Paul Dinto Brought His Leadership Team to Share in Previdi Award

Paul Dinto, winner of the 2013 Cecil J. Previdi Award, given each year to Danbury's top entrepreneur.
Paul Dinto, winner of the 2013 Cecil J. Previdi Award, given each year to Danbury's top entrepreneur.

Pretty much the first thing Paul Dinto did when he accepted Danbury's Cecil J. Previdi Award Friday from the city and Greater Danbury Chamber of Commerce, was thank his leadership team, name by name, year by year. He asked them to stand up at Danbury's Crown Plaza hotel. 

"To say we've been very fortunate and lucky would be an understatement," Dinto told more than 300 people gathered at the annual Leadership Luncheon of the Greater Danbury Chamber of Commerce. "I could't have done it alone."

Dinto is a graduate of the Henry Abbott Technical School in Danbury, and he worked for Ducci Electric from 1963 until 1987 when he retired as executive vice president and founded his own firm. Now 26 years later, Paul Dinto Electrical Contractors Inc. based in Middlebury employs 185 field electricians, estimators, project managers and field engineers.

The Cecil J. Previdi Award is given every year to the city’s top entrepreneur in honor of Cecil J. Previdi, a Danbury business owner of Danbury Printing and Litho, a company grown by Previdi by using modern business techniques and methods. Previous winners have included Anthony M. Rizzo, Stew Leonard Jr., Farooq Kathwari and James Marquis, among others. 

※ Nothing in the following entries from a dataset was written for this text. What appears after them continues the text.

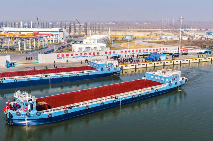 12月29日,在邹城的白马河畔,伴随着5艘67.6m纯电动多用途船的下水航行,济宁能源集团与宁德时代电船科技有限公司“50艘纯电动力船订单签约暨首批5艘多用途电船交付活动”顺利举行,山东首支规模化、成建制纯电动货船船队将在京杭运河上投入运营,“电化运河”场景化应用迈出实质一步。
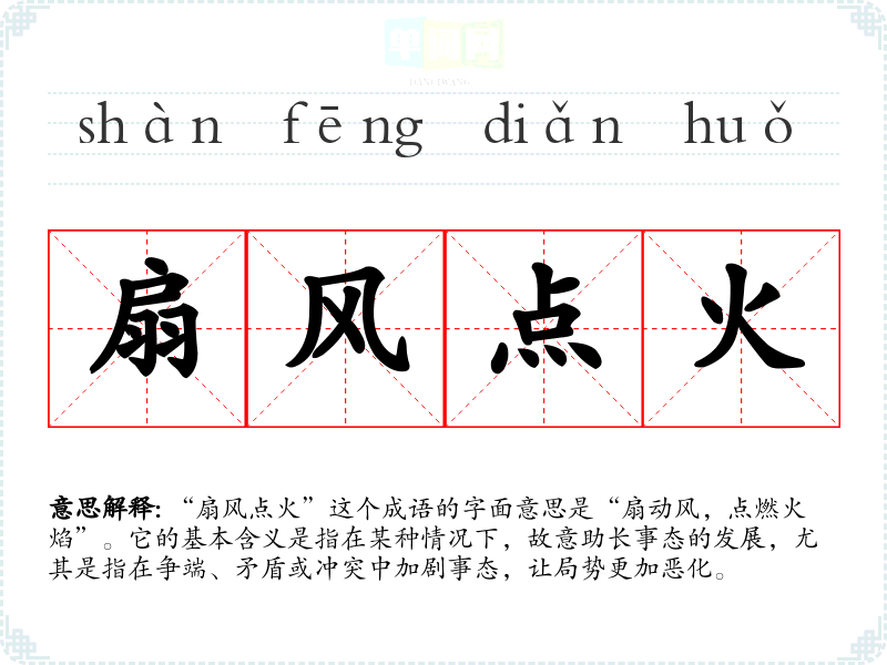 “扇风点火”这个成语的字面意思是“扇动风,点燃火焰”。它的基本含义是指在某种情况下,故意助长事态的发展,尤其是指在争端、矛盾或冲突中加剧事态,让局势更加恶化。
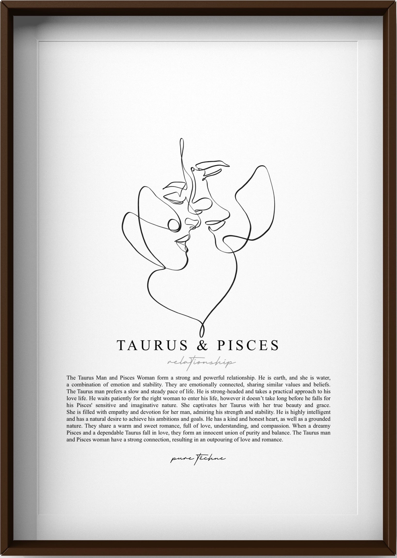 An authentic art print specially created for couples, expressing the compatibility of the two star signs. A perfect gift for a lovely couple or for you and your partner.
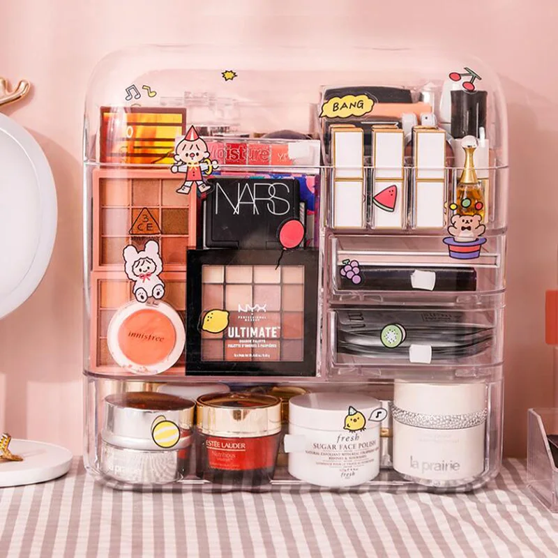 Многофункциональный 8-в-1, научный дизайн, активация пространства, разумное хранение предметов, экономия места Высокопрозрачный материал, светильник-чувствительный и чистой, не желтеет после длительного использования, то информация о любых дополнительных подвижная перегородка, более подробные перегородка Улучшенный дизайн, может легко хранить бутылки для воды до 18 см Пыленепроницаемый, водонепроницаемый и влагостойкий дизайн, не беспокойтесь о том, что макияж промокает, когда он помещается в ванную комнату Дизайн пряжки ящика, не боится скольжения после скольжения Примечание: Изображение предназначено только для отображения эффекта! Параметры: Материал: PS Характеристики: пылезащитный и водонепроницаемый, функциональный раздел Функция: косметика, хранение ювелирных изделий

Ralph MacIntosh, chairman of the chamber's Previdi Award Committee and president of Del-Tron Precision in Bethel, said Dinto has taken electrical contracting to the next level.

MacIntosh also recalled a trip he took to Cape Cod with Dinto, when the prop on Dinto's boat got tangled on a lobster trap rope. Dinto told MacIntosh he'd have to jump into the water and untangle the rope. He said it felt like he was working on it for hours. 

"It was cold," MacIntosh said. He said when he climbed back up the back of the boat, he found Dinto fishing off the front of the boat. MacIntosh said he was a little upset.

"How come you couldn't go in,"Macintosh said. 

"Too many sharks," Dinto said.

Dinto knew Previdi, who built Danbury Printing and Litho from a tiny family business into a national printing firm. Previdi died in a plane crash at age 44. 

"He was witty. He had vision. He was a quality guy all around," Dinto said.